• **Activity**: Apart from the pictures, reproduce the data below exactly as it stands.

• **Given data**:
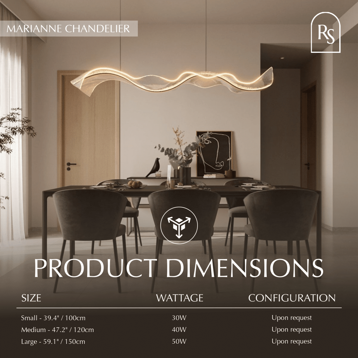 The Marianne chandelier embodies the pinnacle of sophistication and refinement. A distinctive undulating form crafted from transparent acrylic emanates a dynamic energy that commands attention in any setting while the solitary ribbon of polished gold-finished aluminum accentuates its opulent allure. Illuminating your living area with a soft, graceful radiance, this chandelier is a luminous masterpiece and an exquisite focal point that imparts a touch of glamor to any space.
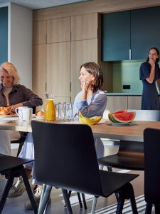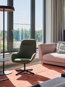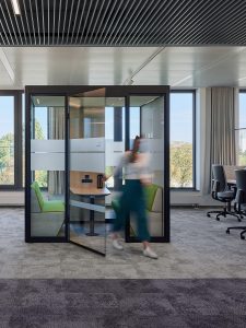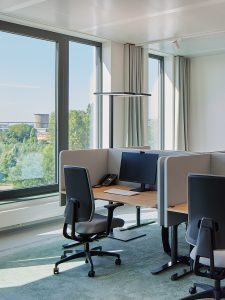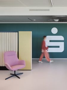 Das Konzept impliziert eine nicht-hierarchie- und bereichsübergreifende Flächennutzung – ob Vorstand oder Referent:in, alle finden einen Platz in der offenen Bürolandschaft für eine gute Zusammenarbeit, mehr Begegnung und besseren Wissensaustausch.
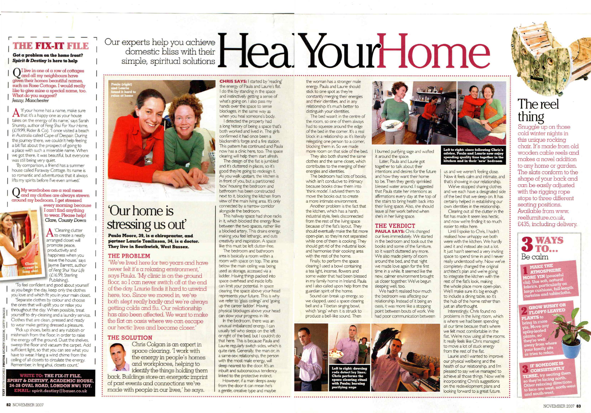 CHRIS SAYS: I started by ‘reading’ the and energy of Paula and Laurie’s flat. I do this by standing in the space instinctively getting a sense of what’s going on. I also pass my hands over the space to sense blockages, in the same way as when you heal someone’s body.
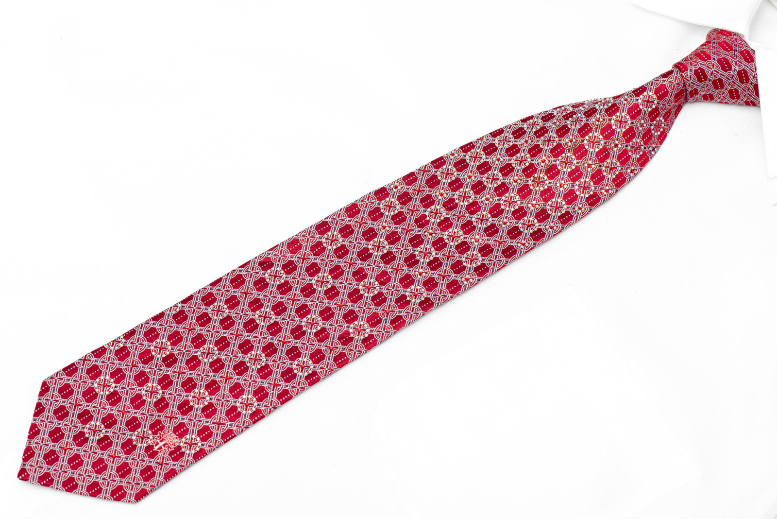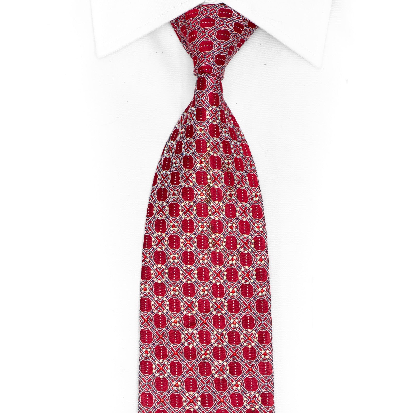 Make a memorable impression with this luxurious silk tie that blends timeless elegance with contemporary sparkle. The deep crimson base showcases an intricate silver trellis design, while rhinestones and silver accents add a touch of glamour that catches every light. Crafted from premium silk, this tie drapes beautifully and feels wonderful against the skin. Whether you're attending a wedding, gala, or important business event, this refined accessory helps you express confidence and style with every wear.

• **Written solution**:
 The Marianne chandelier embodies the pinnacle of sophistication and refinement. A distinctive undulating form crafted from transparent acrylic emanates a dynamic energy that commands attention in any setting while the solitary ribbon of polished gold-finished aluminum accentuates its opulent allure. Illuminating your living area with a soft, graceful radiance, this chandelier is a luminous masterpiece and an exquisite focal point that imparts a touch of glamor to any space.
 Das Konzept impliziert eine nicht-hierarchie- und bereichsübergreifende Flächennutzung – ob Vorstand oder Referent:in, alle finden einen Platz in der offenen Bürolandschaft für eine gute Zusammenarbeit, mehr Begegnung und besseren Wissensaustausch.
 CHRIS SAYS: I started by ‘reading’ the and energy of Paula and Laurie’s flat. I do this by standing in the space instinctively getting a sense of what’s going on. I also pass my hands over the space to sense blockages, in the same way as when you heal someone’s body.
 Make a memorable impression with this luxurious silk tie that blends timeless elegance with contemporary sparkle. The deep crimson base showcases an intricate silver trellis design, while rhinestones and silver accents add a touch of glamour that catches every light. Crafted from premium silk, this tie drapes beautifully and feels wonderful against the skin. Whether you're attending a wedding, gala, or important business event, this refined accessory helps you express confidence and style with every wear.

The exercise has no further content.